La liturgie fonctionne par une mise en vis-à-vis de textes de l’Ancien Testament,
la première lecture et le psaume, avec l’Evangile, dans un rapport
d’accomplissement. La seconde lecture, souvent du saint Paul, est le plus
souvent sans rapport immédiat avec les deux lectures qui l’enchâssent. Ainsi
l’Ancien Testament donne-t-il sa profondeur, pas uniquement historique mais
théologique, celle de la longue préparation à la révélation évangélique. Je parle
de profondeur théologique car c’est le même Verbe qui parle dans l’Ancien
Testament que celui qui s’est fait chair en Jésus de Nazareth et dont l’Evangile
nous rapporte l’itinéraire et l’enseignement. L’Ancien Testament n’est pas plus
le hors d’œuvre à l’Evangile que la liturgie de la Parole ne serait l’amuse-gueule
au plat de résistance, eucharistique de la messe ! C’est le même Verbe, qui
était auprès du Père, en qui le monde a été créé, qui est présent dans toute la
Bible juive et qui, au sommet de la Révélation s’est fait chair, en Jésus de
Nazareth, qui nous parle et se donne à nous dans son corps et dans son sang,
dont nous sommes les membres, animés par son Esprit, pour que nous
poursuivions son œuvre de guérison, de miséricorde dans le monde, jusqu’à ce
qu’il revienne à la fin des temps.
Si nous prenons au sérieux cette vision grandiose, qui est celle de Paul, et si
nous l’appliquons aux textes d’aujourd’hui, un petit hyatus surgit.
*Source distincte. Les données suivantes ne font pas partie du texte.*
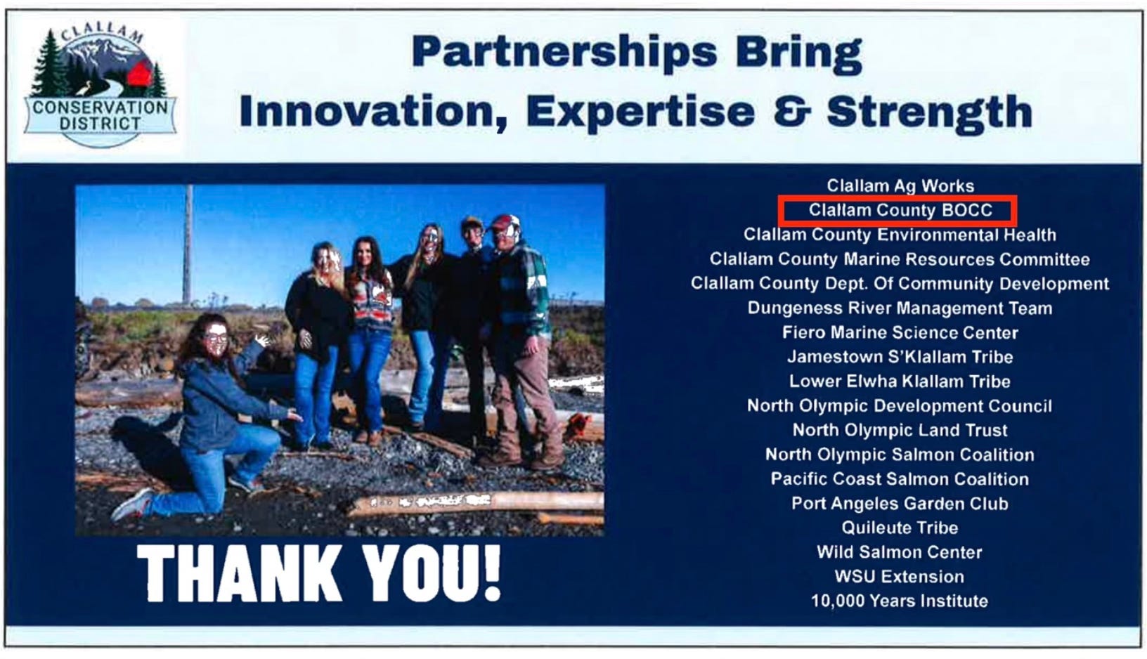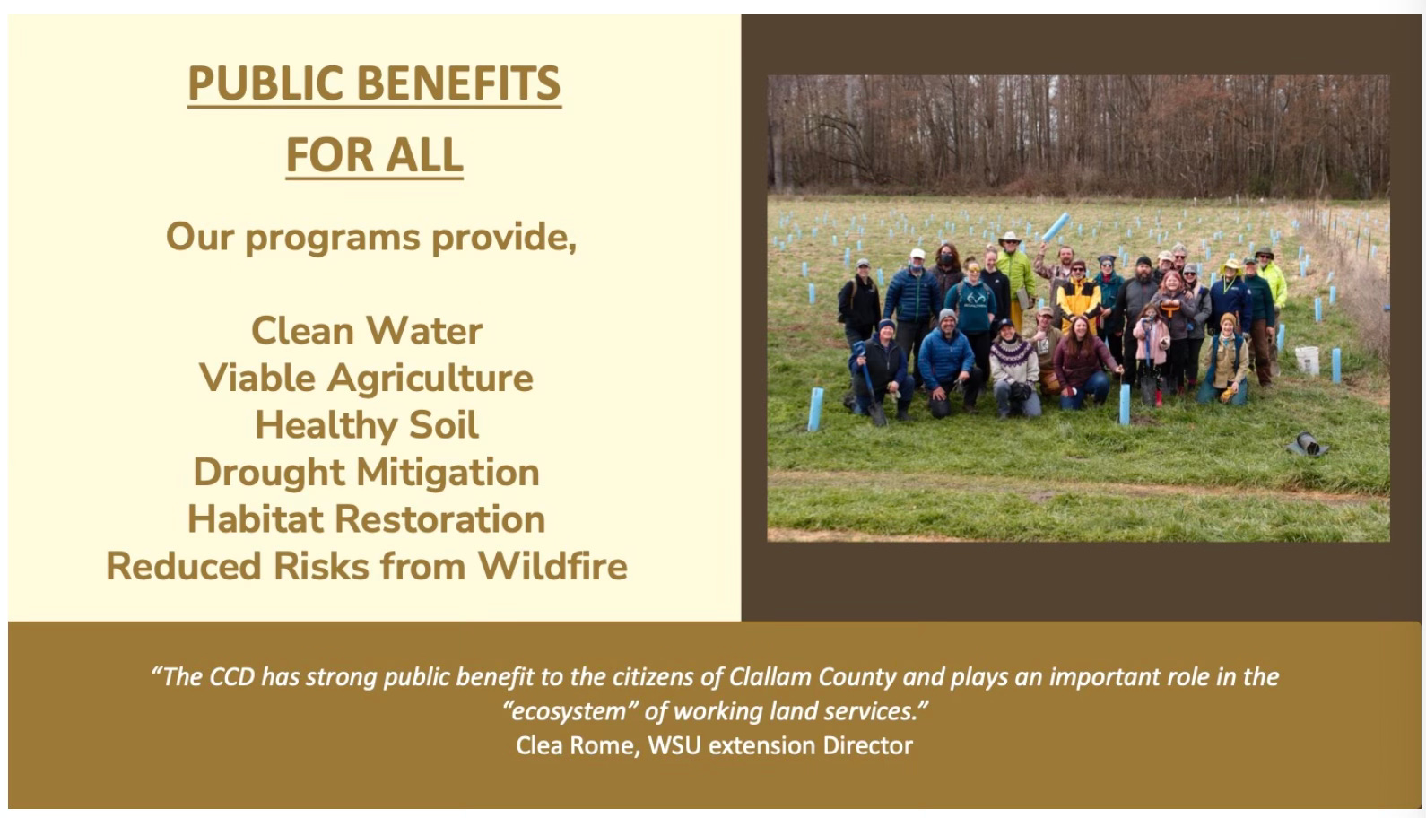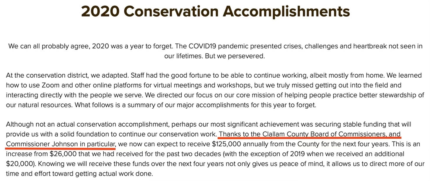 CCD’s April 2021 Newsletter praised the commissioners: “Thanks to the Clallam County Board of Commissioners, and Commissioner Johnson in particular, we now can expect to receive $125,000 annually from the County for the next four years.”

Dans la
première lecture, tirée du livre de la Sagesse, le sage d’Israël nous dit : « La
prière des pauvres traverse les nuées », et le psaume 33 dit à peu près la même
chose : « Un pauvre crie, le Seigneur entend » Dans l’Evangile, c’est le Verbe en
personne, Jésus, qui nous dit dans cette parabole que le publicain repart
justifié, c’est-à-dire exaucé alors que le pharisien quitte, semble-t-il, le Temple
sans être justifié. Or les publicains étaient souvent très riches, en raison des
largesses qu’ils s’octroyaient dans l’exercice de leur mission fiscale au service
de l’occupant. On en a plusieurs exemples dans l’Evangile, dont chez saint Luc
celui de Zachée. En revanche, les pharisiens menaient le plus souvent un train
de vie modeste, ils ne faisaient pas partie de l’aristocratie liée au Temple, celle
des sadducéens, et l’étude qui occupait une grande partie de leur vie, n’était
pas, pas plus à l’époque que maintenant, une source de revenus abondants.
Dans l’Evangile, c’est donc le cri du riche et non celui du pauvre que Dieu
entend. Or le Verbe, le même qui parle de manière certes voilée dans l’Ancien
Testament et en chair dans le Nouveau, ne peut se contredire ! J’arrête là, ce
qui, poussé à la limite, pourrait flirter avec le sophisme.